Fianna Fáil’s Micheál Martin is raising the Siteserv issue and says the decision to allow KPMG investigate IBRC sales is a “political error”.

Meanwhile, some people are very excited altogether:

“A lot of guff has gone on publicly,” says Martin, who’s asks Enda Kenny if he an assure the Dáil that the activities on the Siteserv share register will be covered by the inquiry and that there will be “full transparency” in terms of the personnel involved.

Enda Kenny says that the interests of the government is for the taxpayer and that the facts in respect of the Siteserv sale should be made available as quickly as possible. He essentially says that a Commission of Investigation into the Siterserv controversy would take too long.

Enda Kenny says, if necessary, the government are quite prepared to legislate for a further independent analysis of this by the office of the C&AG.
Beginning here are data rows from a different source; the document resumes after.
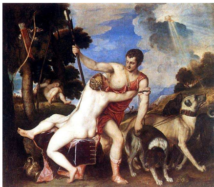
Venus i Adonis de Tiziano
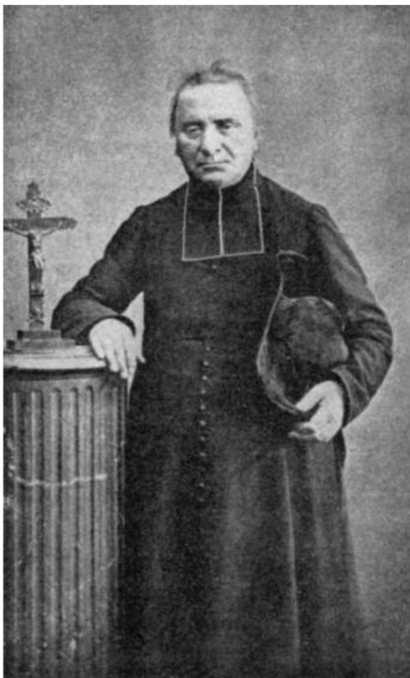
PÈRE L.-E. CESTAC

Éditions Saint-Remi BP 80 – 33410 CADILLAC 05 56 76 73 38 www.saint-remi.fr
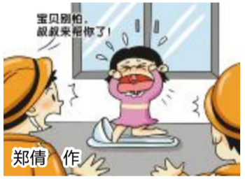
消防员提醒,公共场所、幼儿园、家里的厕所要注意保持整洁,有积水时要及时清理,以防幼儿滑倒等类似情况发生。郑倩 作

本报讯(记者吴伟锋 通讯员卓丽双)女童脚被卡在便池里,无法拔出。城厢消防中队消防员立即赶到现场,对便池进行破拆,救出该女童。近日晚7时许,城厢消防中队接到一起求助报警后,派出消防员赶往现场处置。女童右脚掌被卡在便池内,疼痛地哭喊。消防员一边安抚女童情绪,一边给她的脚腕腿部做好防护措施,试图将其脚拔出,但没有成功。随后,消防员利用手动破拆工具,一点点将便池破拆,经过10分钟的努力,将被困女童解救。经检查,女童被卡的脚掌只是轻微擦伤,并无大碍。消防员提醒,公共场所、幼儿园、家里的厕所要注意保持整洁,有积水时要及时清理,以防幼儿滑倒等类似情况发生。
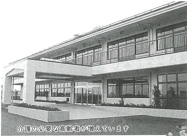
介護の必要な高齢者が増えています
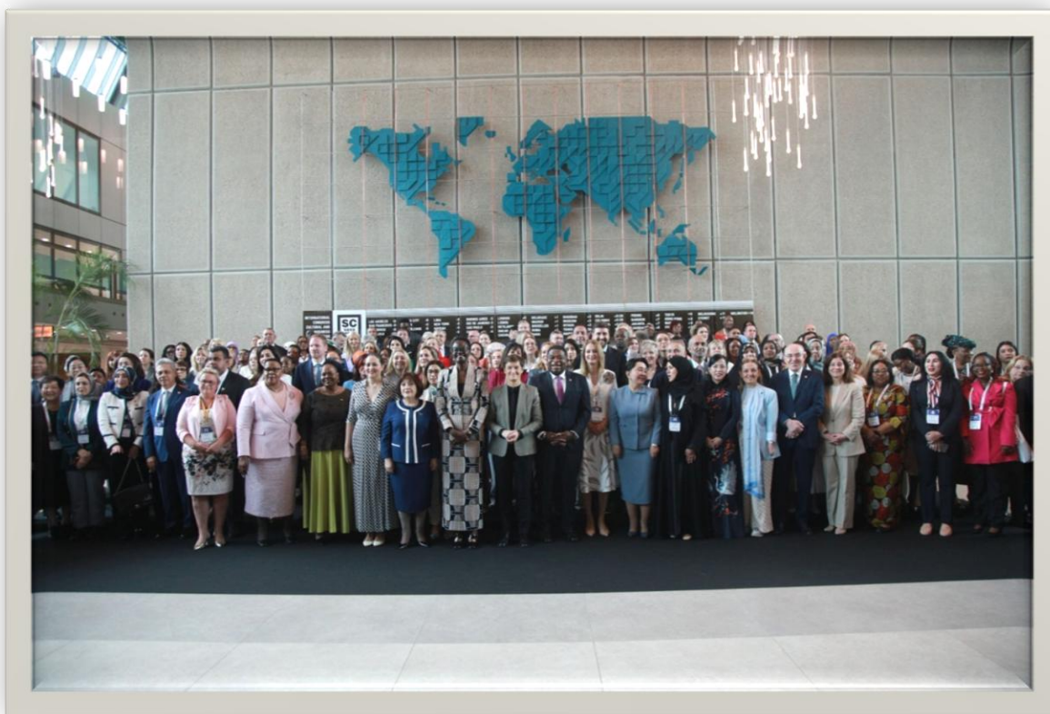
Mujeres Parlamentarias de más de 60 países.

En ese contexto, el presente informe tiene como objetivo presentar un resumen estructurado de las actividades, reuniones e intervenciones realizadas , destacando los principales temas abordados, los posicionamientos expresados y las contribuciones de México en el marco de la Conferencia Mundial de Mujeres Parlamentarias de la UIP 2026 .

He concludes with his usual potshot at Fianna Fáil: “The only reason that the board of IBRC were taking decisions on behalf of the taxpayer was because of the decision of your own government… which caused absolute economic mayhem.”

“But of course you conveniently forget about that,” Kenny concludes.

Martin shoots back by noting that Kenny and his party voted for the bank guarantee and asked for it to be extended.

Micheál Martin again asks why there was not an independent inquiry. Enda responds:


What Deputy Martin would like to thinks is there was some sort of cover-up.

Lots of shouting from across the chamber. Now we move on to Sinn Féin’s Gerry Adams, who is also asking about Siterserv. He says Kenny seems insistent on proceeding with a review that no one has any confidence in.

Adams asks Enda Kenny when Michael Noonan informed him of the Department of Finance concerns about goings on at IBRC. Kenny responds that Department kept him informed of the promissory note deal and plans to liquidate IBRC.

“I don’t have the date, but he kept us updated on the IBRC,” the Taoiseach says in a surprisingly brief answer.

Kenny to Adams:

I think, deep down, you have problems with the institutions of the State here.

Taoiseach is essentially reverting back to his usual form during Leaders’ Questions in the Dáil, ignoring questions to launch his customary partisan attacks.

Kenny notes that liquidation of IBRC saved “serious money” for the taxpayer. We now move on to Paul Murphy who is citing George Orwell’s Ministry of Truth… This should be interesting.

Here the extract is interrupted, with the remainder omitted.